Frank, grounding his theory in Paul Baran’s analysis of the global political economy, claimed that “it is capitalism, both world and national, which produced underdevelopment in the present” (in Brewer 1990:161).
This is because, Baran pointed out earlier in 1957, capitalism as it concretely arises in the periphery is of a special, truncated form, which inhibits the development of complete capitalism rather than promoting it: ‘Far from serving as an engine of economic expansion, of technological progress, and of social change, the capitalist order in these countries has represented a framework for economic stagnation, for archaic technology, and for social backwardness’ (Baran 1973: 300). Thus, the normal processes of the global economic system cause the gap between the centre and the periphery, while the periphery is reduced to a state of dependence (Brewer1990: 161).

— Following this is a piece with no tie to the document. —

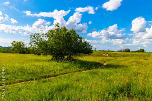 © Sask Photography, Obraz premium Beautiful views of nature along a hiking trail beside the South Saskatchewan River near Saskatoon Saskatchewan, Canada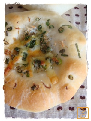 お家にあるもの乗っけて焼いてみたよ しらす・ねぎ・チーズ 焼きたてだよ くっついちゃったよ byうに丼

While the conditions for the form of development that entrenches poverty are international, it is not just that there is one group of countries in the world which happens to be developed and another that happens to be poor. ‘The two are organically linked; that is to say, one part is poor because the other is rich. The relationship is partly historical – for colonialism and the slave trade helped to build up capitalism, and this provided the conditions for later forms of dependency – but the link between development and underdevelopment is also a process that continues today’ (Biel 2000:78). As Amin points out, the tendency to pauperization – the acute poverty that is both the basis for and product of capital accumulation, and thus of ‘growth’-was transplanted to the periphery (Amin 1978).
But it is simplistic to see dependency as an international relationship, for it also requires a base in the social relations within the Southern countries. Specifically, it is internalized in the form of incomplete capitalism. The critique of development theory by Paul Baran makes this clear. The problem is not the absence of development but its presence since, the “key proposition is that capitalism in the periphery arose in a special form” whereby, to quote Baran, “all that happened was the age-old exploitation of the population of under-developed countries by their domestic overlords was freed of the mitigating constraints inherited from the feudal tradition. This superimposition of business mores over ancient oppression by landed gentries resulted in compounded exploitation, more outrageous corruption, and most glaring injustice” (Baran 1958:76).
That is, in the traditional set-up, the tribute received by the ruling class was largely conditional upon the good functioning of the system they ruled. In the context of neo-colonial capitalism, by contrast, they receive what amounts to a kind of tribute arising from the malfunctioning of the system (Biel 2000:78). The dependency perspective does not imply that the periphery cannot break this cycle. However, it points out that capitalism cannot flourish in the periphery and for the periphery to develop, it is necessary to overthrow the centre-periphery paradigm.